US billionaire Warren Buffett's Berkshire Hathaway is set to receive more than $2bn in Goldman Sachs stock through warrants acquired at the height of the financial crisis in 2008.
Berkshire is to receive about 13.1 million shares in Goldman Sachs after opting to convert warrants into shares.
The deal will make Berkshire the sixth largest stockholder in the investment banking giant, with a 2.91% stake.
Berkshire agreed in March to swap warrants for Goldman stock. The revised deal gives Berkshire a much smaller stake but would not require it to allot any capital to redeem the warrants.

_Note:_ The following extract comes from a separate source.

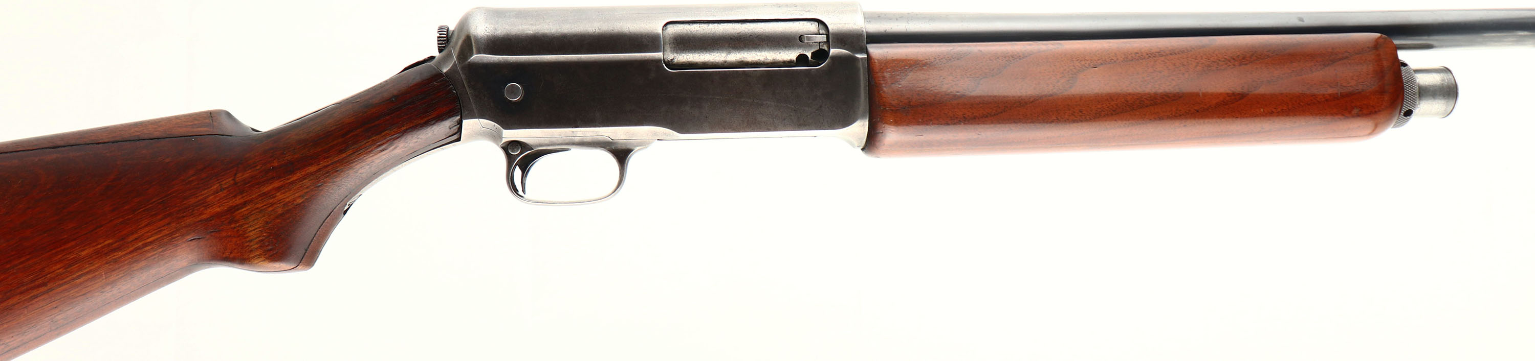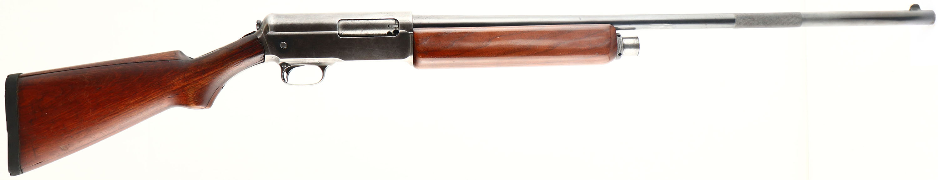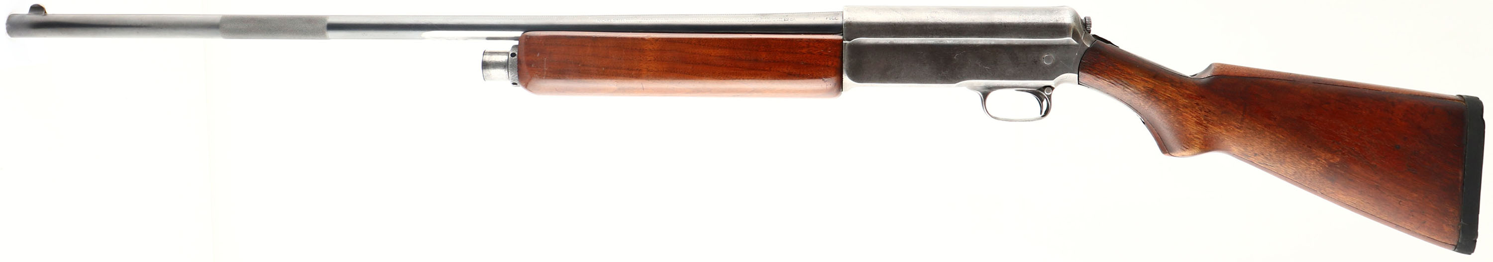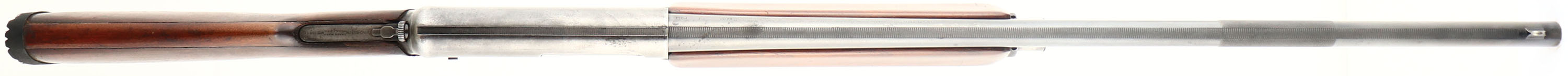 Winchester Model 1911 SL, CAL: 12 GA, MFG: 1911-25, SN: 14358, Semi-Auto Shotgun, Choke: F, 28'' matted barrel, with a matted grip feature on this model, which is used to help cock the shotgun. The original pistol grip laminated birch wood stocks are good & solid. The laminated sections & 3'' stress crack behind the lower tang all appear to be glue stabilized. There are minor scrapes, scratches & contusions to the stock, along with some small edge chipping where the stock meets the receiver. The stock carries the original worn finish, while the forearm appears to carry a nice refinish. The metal blue finish rates 70% on the barrel, while the receiver has worn mostly gun metal gray. There is a DL# & SS# electric pencil etched onto the lower tang. Bore is very good. The barrel is fitted with a blade front sight. The buttstock holds a solid rubber recoil pad. LOP: 14''. This is a fairly unusual model. FFL or C&R Req. - Value: 200 to 400

The initial deal, inked in 2008 after Berkshire invested $5bn in Goldman, gave Berkshire warrants to purchase about 43.5 million Goldman shares for $5bn or $115 per share. That would have given Berkshire a 9% stake and would have made it Goldman's largest stockholder.
"Buffett used his position as a 'white knight' and his reputation to prop up an institution at a time of crisis," Richard Cook, co-founder of Cook & Bynum Capital Management, which owns Berkshire shares, told Bloomberg.

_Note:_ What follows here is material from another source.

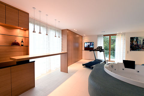 Der Wellnessbereich ist selbstverständlich vom Wohnbereich thermisch getrennt, aber lässt Sichtbezüge zwischen Wendeltreppe zum offenen Duschbereich zu. Auch der Saunagänger kann sich über ein großzügiges Raumgefühl freuen; diese öffnet sich sowohl zum Raum hin und als auch seitlich mit Blick in den alten Baumbestand.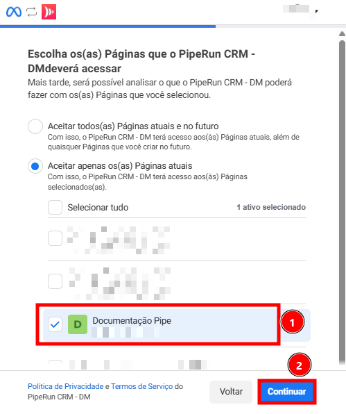 10. Escolha a página que você conectou (1) ao seu perfil do Instagram e clique em "Continuar" (2).

"Goldman Sachs is almost certainly better off for it, even though it was very expensive. And certainly Berkshire shareholders are better off," Cook added.

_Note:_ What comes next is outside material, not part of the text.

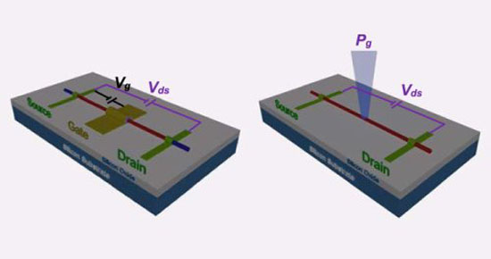 Как упоминалось выше, током через транзистор, разработанный учеными из Северной Каролины, управляет свет. Когда фотоны света начинают падать на определенный участок поверхности транзистора, он открывается и начинает пропускать ток от истока к стоку. И самым главным является то, что такие устройства могут иметь гораздо меньшие размеры, нежели обычные транзисторы, ведь у них полностью отсутствует управляющий электрод, затвор. Отсутствие этого электрода устраняет возможность возникновения паразитного тока за счет явления квантового туннелирования электронов от стока к затвору и от затвора к истоку, и наоборот.

Berkshire Hathaway invested in Goldman Sachs five years ago, to support the bank after Lehman Brothers went bankrupt and Merrill Lynch agreed to sell itself to Bank of America.
The Berkshire investment and funds from the US government helped stabilise Goldman Sachs, which repaid taxpayers in 2009.
Buffett, the world's third-richest person, has a net worth of around $55bn. At the end of 2012, US-based Berkshire had $47bn of cash on its books.